Needless to say, I don’t last long at picnics in the park or anywhere outdoors for that matter. Usually an annoying fly or buzzing bee will send me into a fit within 20 minutes and I’ll sit there contemplating my escape route or the idea of eating in my air conditioned vehicle.

Problem is, I am a big pan of picnic food. Hot dogs, potato salad, watermelon, and No Bake Cookies rank pretty high on my hierarchy of good eats, so I’ll usually suffer through it as long as I am armed with cold bottle of water and a fly swatter.
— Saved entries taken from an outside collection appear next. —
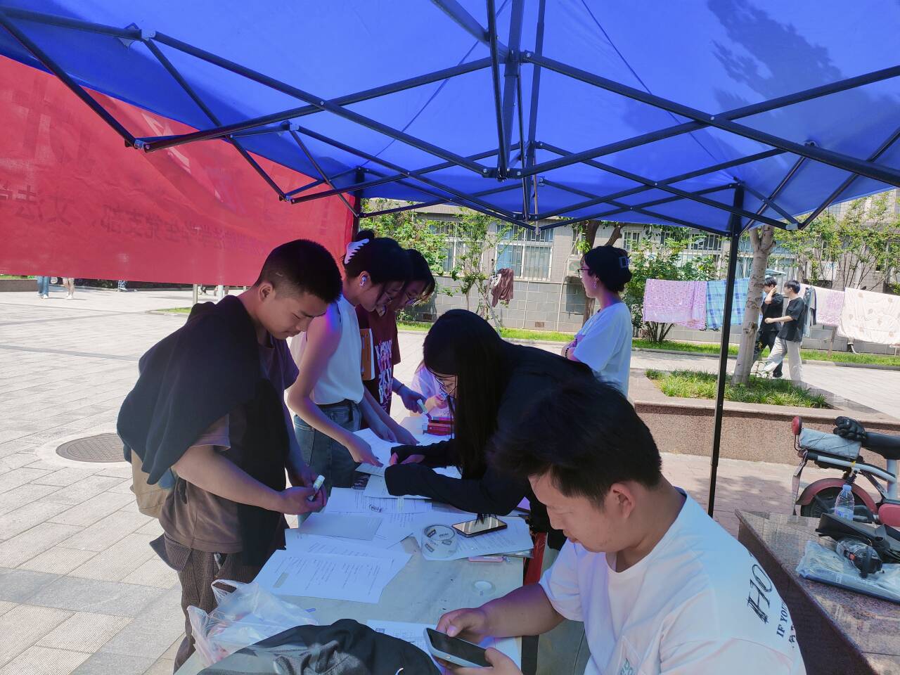 在活动实施过程中,注重细节把握和流程控制。首先,通过多渠道宣传,提高了活动的知名度和参与度。其次,通过法典,图片,示范例句等取材确保了活动的丰富性和多样性。本次活动以摆点的形式开展,活动负责人已提前于学校一食堂旁摆点预热活动。工作人员提前把准备好的拼诗材料备于桌面,包括法律条文、法律术语、法律谚语以及诗文选段等。他们细心地截取、撕成小块,然后同学们根据自己的创意和灵感,将这些碎片重新组合,拼贴成一首首充满春意的诗句。这些诗句将围绕春天的风物景致、所思所感进行创作,用法言法语、用诗文美段,让人感受到春天的温暖与生机。活动通过发布通知,海报宣传,帐篷摆点等形式进行预热,吸引了众多同学的关注,有效的提高了活动的参与度。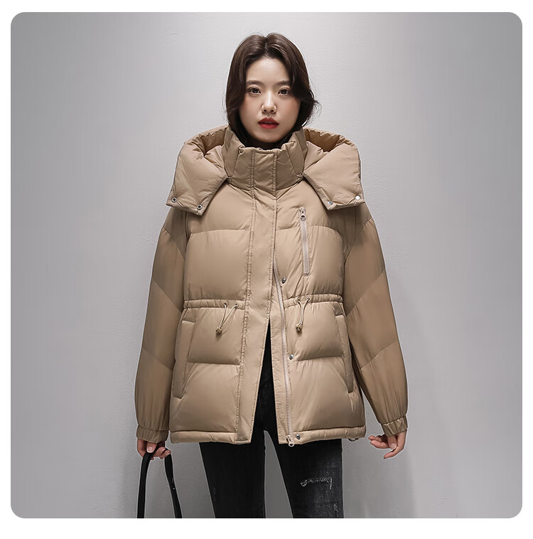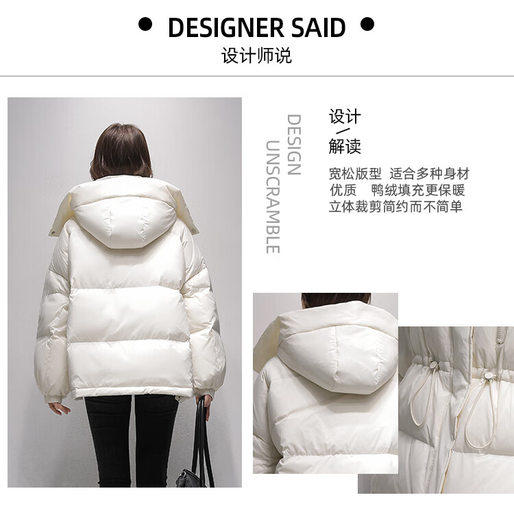 雪中飞女士短款羽绒服90鸭绒抗寒保暖时尚休闲户外连帽外套30753 米白色 S (160/84A)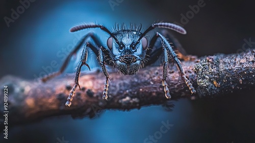 Wall mural a close-up of a spider on a tree branch with droplets of water on its face and legs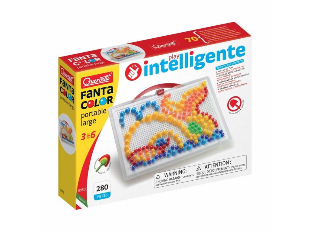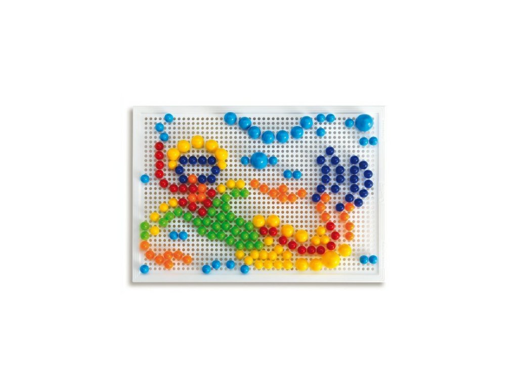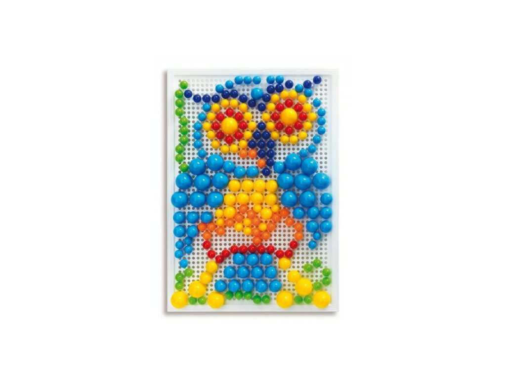 Mozaiky u dětí rozvíjejí jemnou motoriku, tvořivost a fantazii. Skládají se z kufříku, perforované hrací desky a barevných kolíčků s hlavičkami různých barev, průměrů a tvarů. Pomocí těchto kolíčků, které se zasazují do otvorů v hrací desce, tvoří děti různé obrázky nebo vzory. Po skončení hry lze vše uložit do kufříku, jehož víko po zajištění pojistkou tvoří sama hrací deska. Vyrobeno z plastů špičkové kvality. Hlavní vlastnosti: rozvíjí jemnou motoriku, tvořivost a fantaziiobsahuje 280 knoflíků o průměru 10, 15, 20 mmDoplňkové parametry

Then, a couple of friends came up with the idea of a virtual picnic. A Virtual Picnic for the Planet was totally doable because well, it doesn’t require me hanging outside! Plus, I think our planet is pretty rocking and I totally dig the idea of coming together to make a difference.

The Nature Conservancy has a website that is devoted to Picnic for the Planet. They have a Meet Up page which allows you to connect with people in your area to plan your Picnic for the Planet. They also describe 5 Easy Actions that are good for the Earth and help you to reduce your impact on the Earth.

Eat Smart

Be proactive, know where your food comes from and who it impacts.

Eat Local

Take advantage of your farmer’s market. Try to purchase food that is in season and locally grown.

Eat Sustainably

Eat sustainable seafood — one of the only things that we eat that we still get from the wild.

Eat Green

Eat more fruits and vegetables — it’s good for your health and the planet’s

Eat Out

Join us in the Picnic for the Planet!

For today’s Virtual Picnic for the Planet, I have made Cheesecakes in a Jar with fresh mixed berries. These Cheesecakes in a Jar are simple, portable, decadent and truly couldn’t be any more adorable.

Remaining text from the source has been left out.